VICTIMS of convicted sex offender and former Maccabi Victoria mentor Shannon Francis have criticised Jewish sport’s roof body for a lack of transparency over a recent report it commissioned into the scandal and say a key figure, still in a position of power with the organisation, remains steadfastly unrepentant.
The victims have spoken out following a press release issued last week by Maccabi Australia, in which it admitted it had bungled the handling of abuse claims and detailed comprehensive new initiatives to prevent child abuse within its organisation based on findings from the report.
In the press release, the organisation thanked Francis’s victims for their contributions, but stopped short of apologising publicly.
But a spokesperson for the victims, who asked not to be identified, said they were disappointed that swathes of the report, understood to be highly critical of Maccabi, were not made available to victims, despite their testimonies being integral to its compilation.
Maccabi’s announcement came 11 months after Francis was sentenced to eight years in prison on four charges relating to child sexual abuse, committed between 1999 and 2000. Two of the four complainants in the case were Jewish.
A Francis victim was scathing of Maccabi back in August last year, telling The AJN the peak body had “continuously avoided the issue, denied responsibility and provided little support”.
“Members of Maccabi management were aware that the case had been reopened in 2011, but no real attempt was made to offer any sort of support until we sent a letter to the board a year later expressing our disappointment that they had failed to acknowledge the situation,” the victim said.
While the victims have commended the new child protection initiatives, the spokesperson said it was disappointing that “damning” sections of the report were withheld from victims, who offered their full cooperation to the ad hoc committee which authored it.
“From what we understand it’s a damning report; we’re not allowed to see the full report, because apparently it is so damning,” the spokesperson said.
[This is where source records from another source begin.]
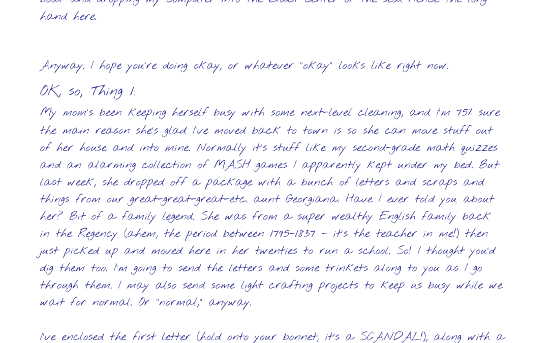 Page 1: April 29, 2021 Hey friend! Listen. I’ve been remote teaching and remote happy houring and remote board gaming then this week I ALSO had remote book club, and I cannot look at another screen for one more minute. Can’t, won’t, shan’t. Contemplating renting a boat and dropping my computer into the exact center of the sea. Hence the longhand here. Anyway. I hope you’re doing okay, or whatever “okay” looks like right now. OK, so, Thing 1: My mom’s been keeping herself busy with some next-level cleaning, and I’m 75% sure the main reason she’s glad I’ve moved back to town is so she can move stuff out of her house and into mine. Normally it’s stuff like my second-grade math quizzes and an alarming collection of MASH games I apparently kept under my bed. But last week, she dropped off a package with a bunch of letters and scraps and things from our great-great-great-etc. aunt Georgiana. Have I ever told you about her? Bit of a family legend. She was from a super wealthy English family back in the Regency (ahem, the period between 1795-1837 – it’s the teacher in me!) then just picked up and moved here in her twenties to run a school. So! I thought you’d dig them too. I’m going to send the letters and some trinkets along to you as I go through them. I may also send some light crafting projects to keep us busy while we wait for normal. Or “normal,” anyway. I’ve enclosed the first letter (hold onto your bonnet, it’s a SCANDAL!), along with a little painting-slash-research project I did on my own after reading it. I hope this is fun for you! It is for me, so…sorry not sorry for roping you into it! Thing 2: I kept hoping we’d be able to keep our re-re-re-rescheduled 7th Annual Best-Teas Party on the books, but that’s not looking likely. Rather than rescheduling for the
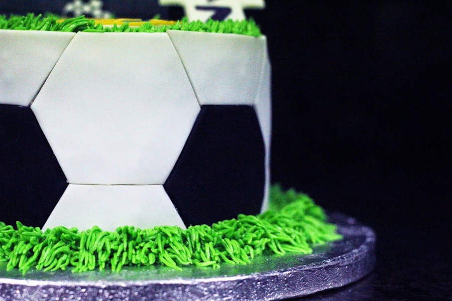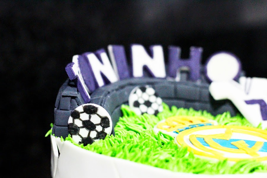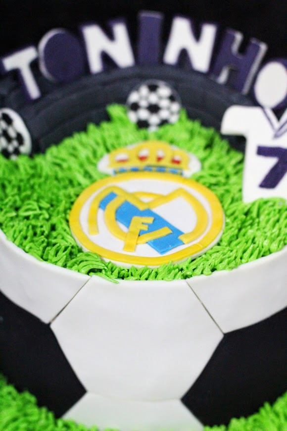 Aquí tenéis una bonita tarta de fútbol la cual estuve encantada de hacer, aunque sea la tarta lleve el escudo del Real Madrid jejejejeje yo soy del Barça, ya que es para Toni.
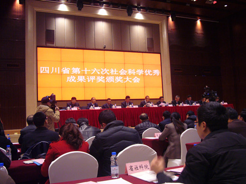 【本网讯】12月10日,四川省第十六次社会科学优秀成果评奖颁奖大会在蓉隆重召开。四川省委常委、宣传部长、省繁荣发展哲学社会科学领导小组组长吴靖平出席大会并作重要讲话。四川省人民政府副省长、省社科评奖委员会主任刘捷宣读了获奖名单,省社科联党组书记、副主席、省社科评奖委员会副主任赵英作了第十六次评奖工作报告。
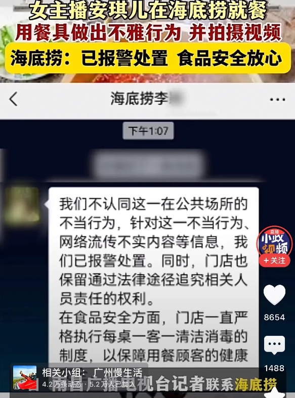 有网友表示,这个女主播不是广州的,而是佛山的,而且这个人可能患有乙肝。还有网友表示,这和人家火锅店什么关系,能碰上这样的人,真的是林子大了什么鸟都有。
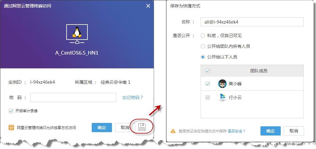 支持将阿里云管理终端访问凭证保存为快捷方式,并授权给相应的团队成员。同时,取消“使用云厂商管理终端”权限项授权和阿里云管理终端的密码自动补全功能,将管理终端的权限授权变为资源授权。
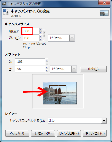 画像の拡大縮小ではなく、キャンバスサイズの変更を行う場合は
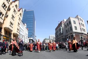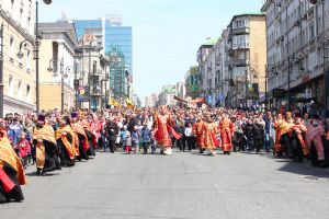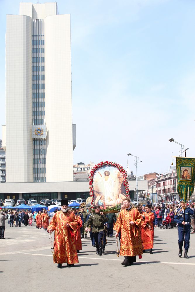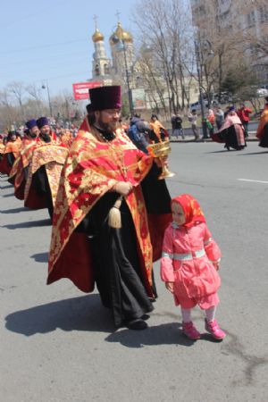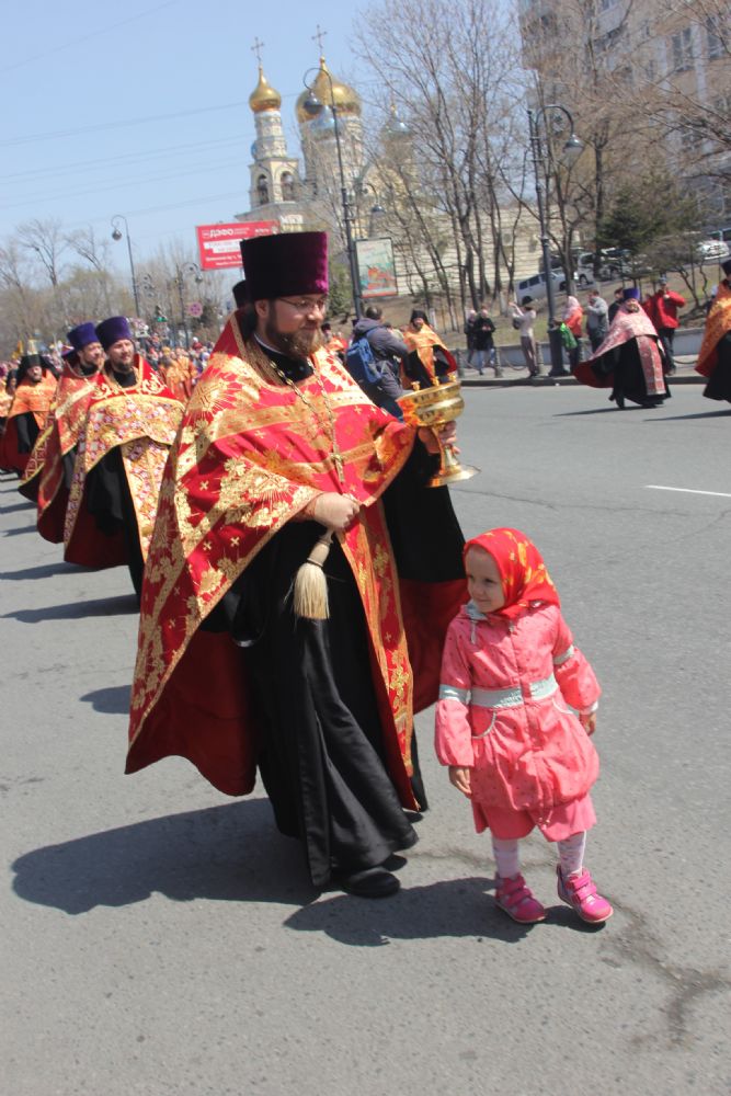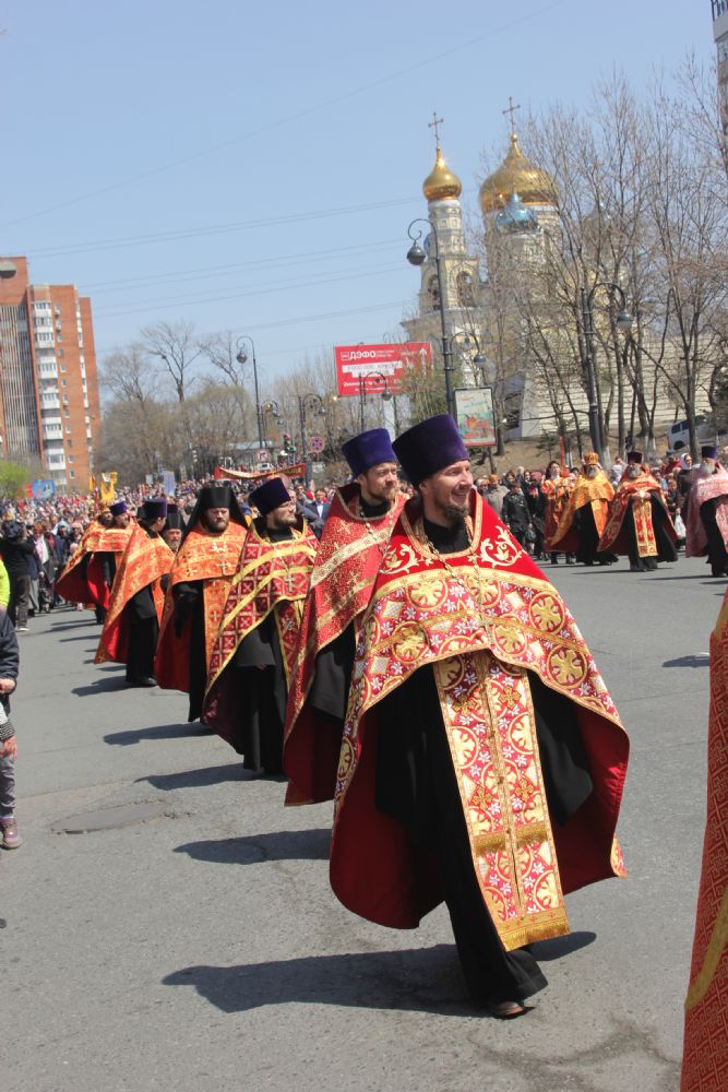 В городскую праздничную колонну вошли руководители епархиальных отделов, настоятели и клир храмов и монастырей, представители приходов, общественных организаций, казачества и учебных заведений Владивостокской епархии: Духовного центра и Православной гимназии — всего порядка 2000 человек. Сбор колонны начинался в Покровском кафедральном соборе, где после пасхальных богослужений прошло также освящение куличей: за благочестивой православной традицией с интересом наблюдали гости Владивостока, туристы из стран АТР.
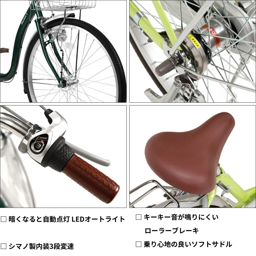 - 自転車 シティサイクル シャルロイスL2 24型 内装3段変速 オートライト ローラーブレーキ[ ライトグリーン ] 通学自転車 通勤自転車 配送エリア 関東限定 東京 埼玉 神奈川 千葉 群馬 栃木 茨城 完成品納品 一都六県限定配送
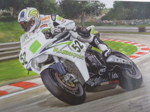 Coloured prints 'A Champions Ride' James Toseland at Brands Hatch in the 2007 World Superbike Championship, each signed James Toseland and the artist Jim Dugdale and measuring 42 x 59cm. Ten items, previously stored in tubes.
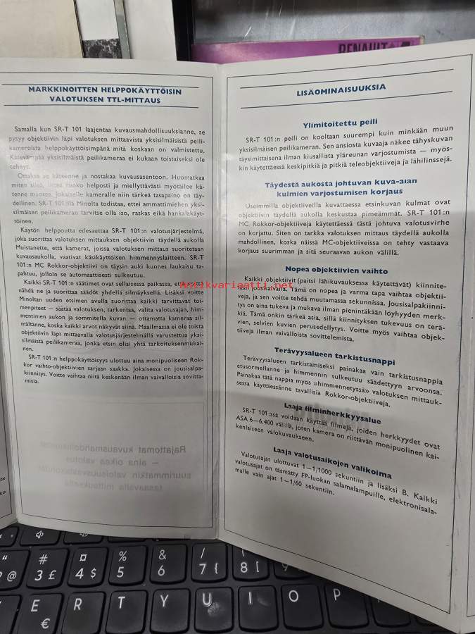 Minolta 35 mm yksisilmäiset peilikamerat -myyntiesite
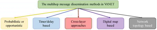 To address the rebroadcasting problem, therefore, new approaches to broadcast efficient message dissemination have been proposed. Several approaches use network parameters, such as inter-vehicle distance, in various ways to select a relay vehicle. For instance, in Reference [,], inter-vehicle distance is used to compute the probability that each receiver becomes a relay node. In Reference [], the same parameter determines the delay in which the receivers compute in a distributed manner and wait prior to a rebroadcasting phase. It introduces a so-called broadcast suppression algorithm similar to Reference [], where each receiver detects duplicate messages and avoids rebroadcasting them. Figure 2 shows various categories of message dissemination protocols that have been previously reported for VANET. Each category of these algorithms is summarized as follows.
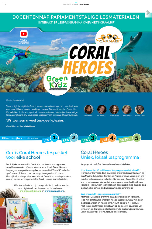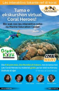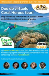 With this teaching program GreenKidz and Carmabi want to jointly contribute to Coral Awareness on Curaçao. They want to make primary education students aware of the beauty and vulnerability of Curaçao’s coral reef and encourage them to enjoy it in a responsible way.
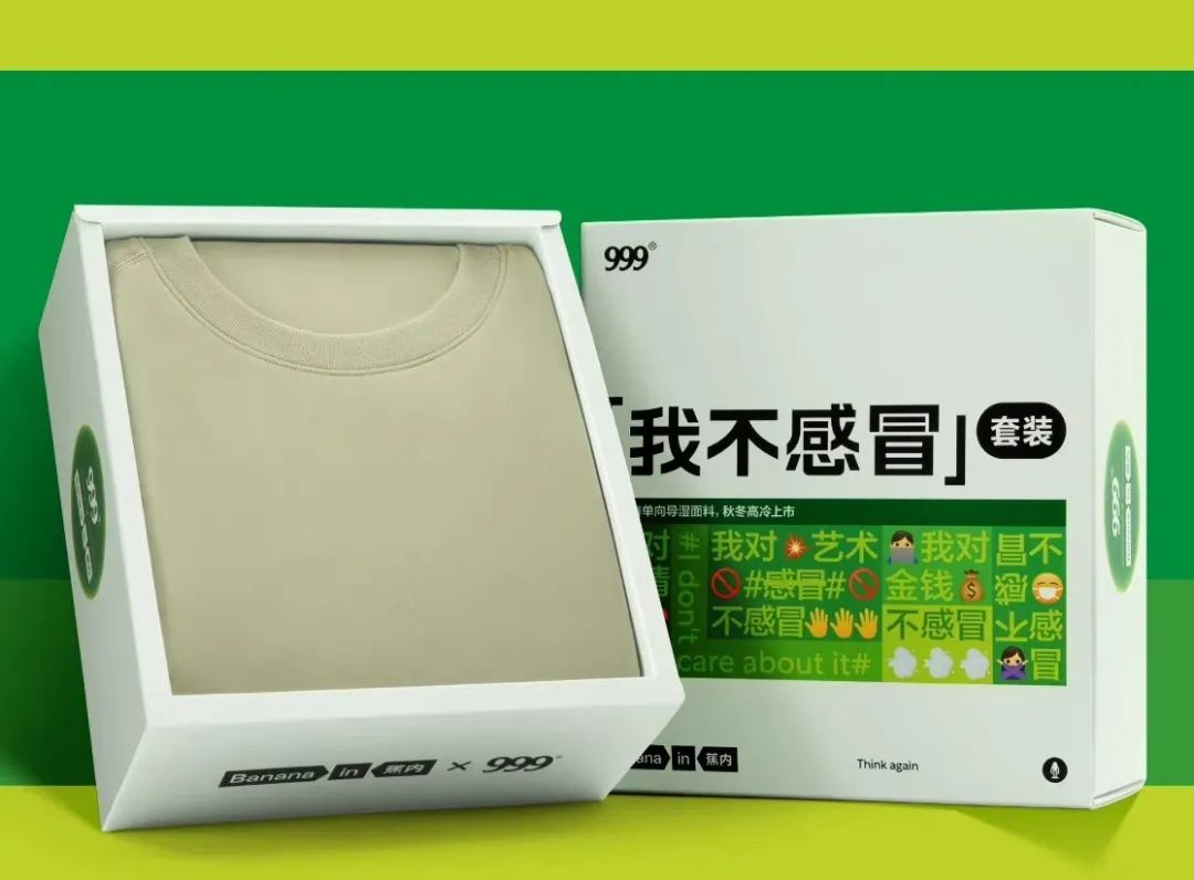 身为“跨界鬼才”的999感冒灵,此前早已入局过服饰赛道,曾经推出暖心秋裤等产品。此次联名内衣品牌「蕉内」,推出“我不感冒”套装,既具备实用性,又兼具趣味性,堪称一次成功的营销策略。

Maccabi Australia executive director Ellana Aarons conceded that the victims were privy only to a “redacted version of the report” and that they were bound by a confidentiality agreement.
“It was a private review that was undertaken for us to undertake internal learnings, therefore it’s an internal document, not for public disclosure,” Aarons said.
Of most concern to the victims, however, is the lack of remorse shown by the person at the centre of the scandal.
“Even though we’ve had a private apology from representatives of the board, there are still people involved who are yet to personally offer an apology, even after the report found they had acted inappropriately,” the spokesperson said.
“From our perspective, there are some people in the organisation that still need to show that they understand that what happened was wrong.”
The spokesperson said that a public apology from Maccabi to Francis’ victims should have been included in last week’s release.
“The statement addresses the recommendation as to what Maccabi can do in the future, but there’s still, as far as we’re concerned, a little bit left to go in terms of addressing what happened in the past.
“Given that [Maccabi] were found in the report to have acted inappropriately, it might have been nice to have started with an apology,” the spokesperson said of the July 1 release.
But according to Aarons, there will be none forthcoming.
“We’ve apologised to the people we’ve affected, so I’m not sure why we need to make a public apology. We didn’t hurt the community, we hurt those [victims].
“It’s not a matter of deserving the public apology. We provided them a private and personal apology in a very verbose and open discussion, and we believed that to be appropriate.”
Convicted sex offender and former Maccabi Victoria mentor Shannon Francis.